What Will Happen to Rates When a Vaccine Shows Up?

Last Week: Interest rates were mixed, and equities rose slightly as markets struggled to interpret dovish language from the Fed. The US 10-year Treasury note yield dropped to 0.63%, a level it’s hovered around for weeks now and about thirty basis points above the record low in March. 1-month LIBOR rose to 0.17%, up slightly from the week’s 0.16% low. The price of a barrel of West Texas Intermediate crude oil fell $0.22 to $41.94, as the US Dollar strengthened, and Gold weakened. Treasury yield volatility, a key driver of the cost of rate caps and swaptions, fell over the course of the week.

Fed meeting minutes sparked fears of an even longer economic crisis than expected. Released to the public last Wednesday, the minutes from the Fed’s last policy meeting in July confirmed the uncertainty prevailing over America’s economic outlook. To quote, “Members agreed that the ongoing public health crisis would weigh heavily on economic activity, employment, and inflation in the near term and was posing considerable risks to the economic outlook over the medium term.” Our take: The statements implied that the Fed is likely to stick with its aggressive stimulus measures for longer than indicated in its previous guidance, adding a layer of upward pressure to long-term interest rates in the process, as investors demand a higher return for buying Treasuries in an environment of ultra-low rates that will last for many quarters to come.

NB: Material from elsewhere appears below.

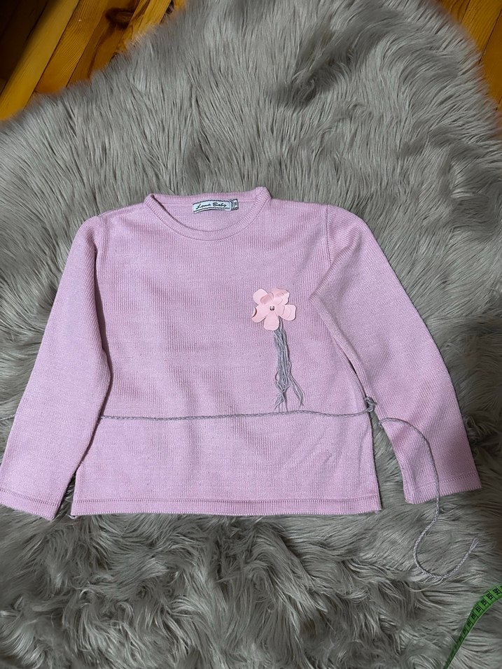 Kız çocukları için uzun kollu, yuvarlak yakalı, yumuşak dokulu pembe triko kazak. Nakışlı çiçek detayı ve bol kesimiyle sade ve rahat bir model. Pembe kemer detaylı kazak boyu 40 41 cm eni 39 cm, kolu 39 cmdir.

Yield curve control is out the window – for now. The Fed minutes also indicated that yield caps or targets were not on the Fed’s radar as a tool to be used in the near term as many (like us) had suspected. However, the minutes confirmed that while the Fed is gearing up to release the results of its recent policy framework review, it plans to enhance traditional tools – aka forward guidance – soon. However, rather than doing so at its next meeting on September 16th, it seems that we will have to wait until year-end or the beginning of 2021 to see it. That’s too bad; markets are hungry for the details and must now look to fiscal policy – efforts by Congress and the President – more than ever for any additional boost to the post-pandemic economic recovery. We’ll see if they can get the job done amid the growing sizzle surrounding the looming Presidential election.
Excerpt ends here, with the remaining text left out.